# new curly duckwood slabs



## davduckman2010 (Jul 3, 2015)

cleaned these up today 4 more down 98 to go . I think ill get a gun stock or two cut out of one of these.

Reactions: Like 1 | EyeCandy! 8 | Way Cool 3


----------



## ClintW (Jul 3, 2015)

Nice!

Reactions: Thank You! 1


----------



## ironman123 (Jul 3, 2015)

Thay is some cool duckwood Duckman.

Reactions: Thank You! 1


----------



## Nature Man (Jul 3, 2015)

Over the top goodness! Chuck

Reactions: Thank You! 1


----------



## Sprung (Jul 3, 2015)

Awesome, Duck! I wish you lived close enough to pick up a slab or two - I'd love to pick up one for a bar top!

Reactions: Like 1


----------



## SENC (Jul 3, 2015)

Stunning, Duck!!


----------



## David Van Asperen (Jul 4, 2015)

Great golly Dave what a hoard or herd of slabs.
@Sprung Matt if you make it to Dave's for a couple of slab get a couple for me and I do not even need bar tops
Dave

Reactions: Like 1 | +Karma 1


----------



## Sprung (Jul 4, 2015)

David Van Asperen said:


> Great golly Dave what a hoard or herd of slabs.
> @Sprung Matt if you make it to Dave's for a couple of slab get a couple for me and I do not even need bar tops
> Dave



Will do!
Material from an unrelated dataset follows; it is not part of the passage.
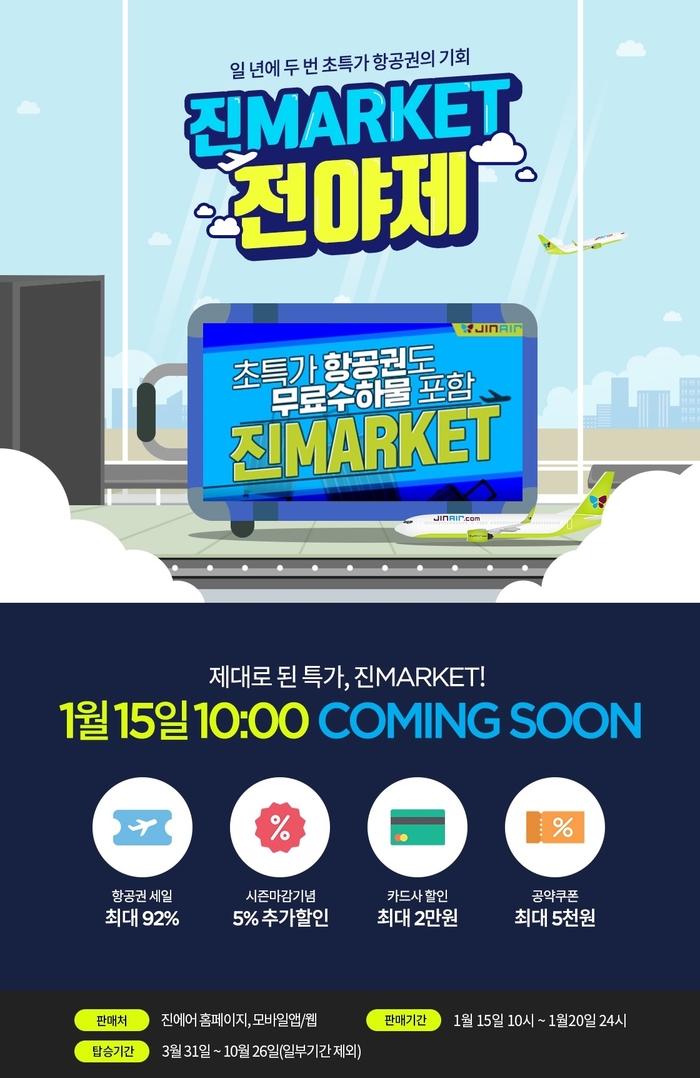 진에어가 연중 최대 규모의 온라인 특가 기획전인 2019년 상반기 진마켓(진MARKET) 티저 페이지 오픈과 함께 사전 이벤트를 오는 13일까지 진행한다.

Besides, you're not that far down the road from me - if I can get them here from Ohio, here to your place would be a piece of cake!

Maybe I should've convinced my wife that our road trip last week should've diverted through Ohio on our way from my parents' in eastern Michigan to some of my wife's family in northern Indiana! Should've been able to strap a half dozen or so slabs to the top of a Pontiac G6, wouldn't you think?

Reactions: Agree 1


----------



## davduckman2010 (Jul 4, 2015)

Sprung said:


> Will do! Besides, you're not that far down the road from me - if I can get them here from Ohio, here to your place would be a piece of cake!
> 
> Maybe I should've convinced my wife that our road trip last week should've diverted through Ohio on our way from my parents' in eastern Michigan to some of my wife's family in northern Indiana! Should've been able to strap a half dozen or so slabs to the top of a Pontiac G6, wouldn't you think?


at least 8 big ones

Reactions: Agree 2


----------